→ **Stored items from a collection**
BEGIN

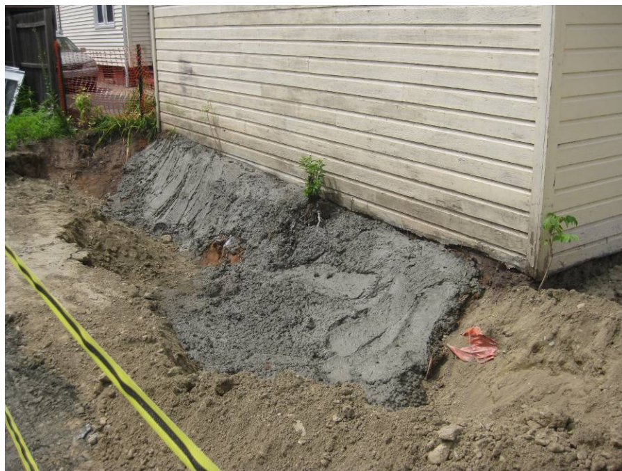
View looking Northwest excavation along south side of garage following placement of marker barrier
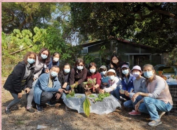
活動義工合照及分享農耕的收穫 Group Photo with Volunteers of the Planting Activity at the Clubhouse
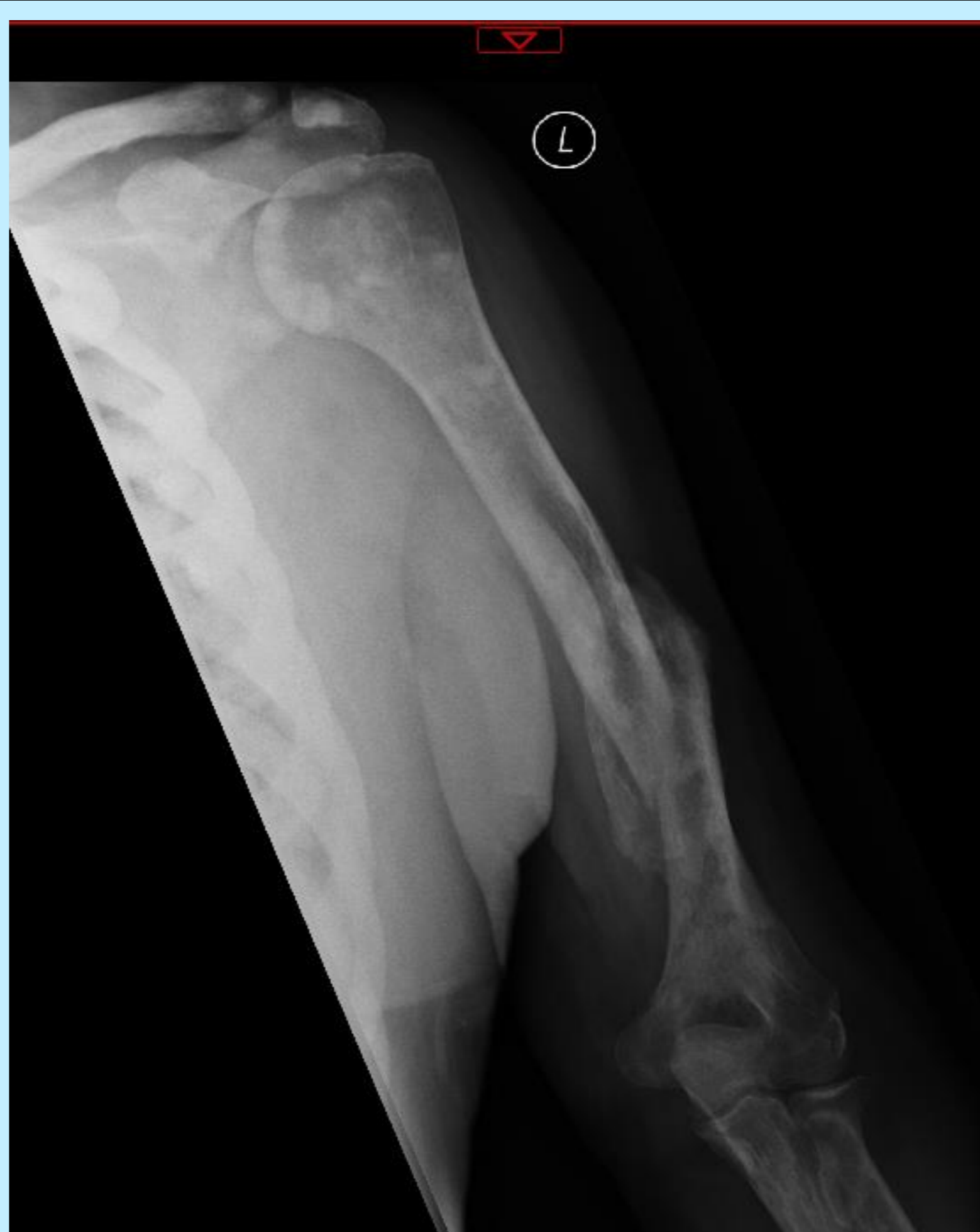
Figure 1. Humeral fracture with sclerotic lesions in ribs, clavicle and humerus

The results are in line with a diagnosis of metastatic prostate cancer. An interesting point about this case was the route of diagnosis. Unfortunately, the sclerotic bone lesions identified on this patient's admission x-rays in November 2016 were overlooked by the orthopaedic surgeons, and it was in fact interpretation of the DEXA scan that identified the bony metastases. Ideally, the lesions would have been identified along with the fracture of the humerus, and if this was the case the patient would have had the same line of investigations as above, but significantly earlier.
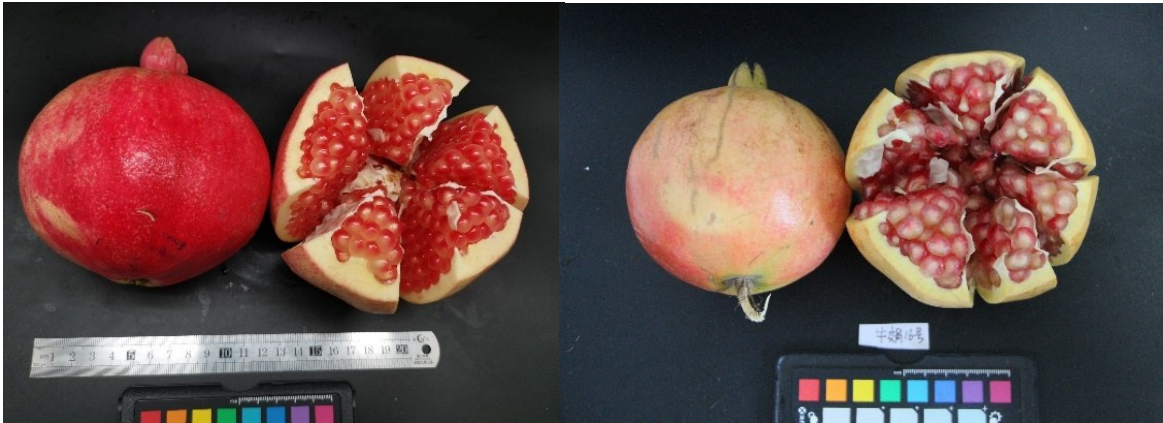
图 1 酸美(左)与突尼斯软籽(右)果实性状对比 Fig. 1 Comparison of Suanmei (left) and Tunisiruanzi (right) fruit character

对照突尼斯软籽相比,籽粒鲜红色(图1),汁多味酸甜,出汁率88.2%(籽粒榨汁质量/籽粒质量),核仁超软(硬度 1.4\text{ kg}\cdot\text{cm}^{-2} )可食用,嚼后残渣少。可溶性固形物含量15.9%,可溶性糖含量11.9%,抗坏血酸含量 8.89\text{ mg}\cdot 100\text{ g}^{-1} ,总酸含量(以柠檬酸计) 18\text{ g}\cdot\text{kg}^{-1} ,氨基酸总含量 8.40\text{ g}\cdot\text{kg}^{-1} ,风味酸甜。酸美石榴与对照品种突尼斯软籽石榴及 Wonderful 果实性状对比见表1。

END

→ **Exercise goal**
Output all the records above again exactly, with the pictures dropped.

→ **Written answer**
View looking Northwest excavation along south side of garage following placement of marker barrier
活動義工合照及分享農耕的收穫 Group Photo with Volunteers of the Planting Activity at the Clubhouse
Figure 1. Humeral fracture with sclerotic lesions in ribs, clavicle and humerus

The results are in line with a diagnosis of metastatic prostate cancer. An interesting point about this case was the route of diagnosis. Unfortunately, the sclerotic bone lesions identified on this patient's admission x-rays in November 2016 were overlooked by the orthopaedic surgeons, and it was in fact interpretation of the DEXA scan that identified the bony metastases. Ideally, the lesions would have been identified along with the fracture of the humerus, and if this was the case the patient would have had the same line of investigations as above, but significantly earlier.
图 1 酸美(左)与突尼斯软籽(右)果实性状对比 Fig. 1 Comparison of Suanmei (left) and Tunisiruanzi (right) fruit character

对照突尼斯软籽相比,籽粒鲜红色(图1),汁多味酸甜,出汁率88.2%(籽粒榨汁质量/籽粒质量),核仁超软(硬度 1.4\text{ kg}\cdot\text{cm}^{-2} )可食用,嚼后残渣少。可溶性固形物含量15.9%,可溶性糖含量11.9%,抗坏血酸含量 8.89\text{ mg}\cdot 100\text{ g}^{-1} ,总酸含量(以柠檬酸计) 18\text{ g}\cdot\text{kg}^{-1} ,氨基酸总含量 8.40\text{ g}\cdot\text{kg}^{-1} ,风味酸甜。酸美石榴与对照品种突尼斯软籽石榴及 Wonderful 果实性状对比见表1。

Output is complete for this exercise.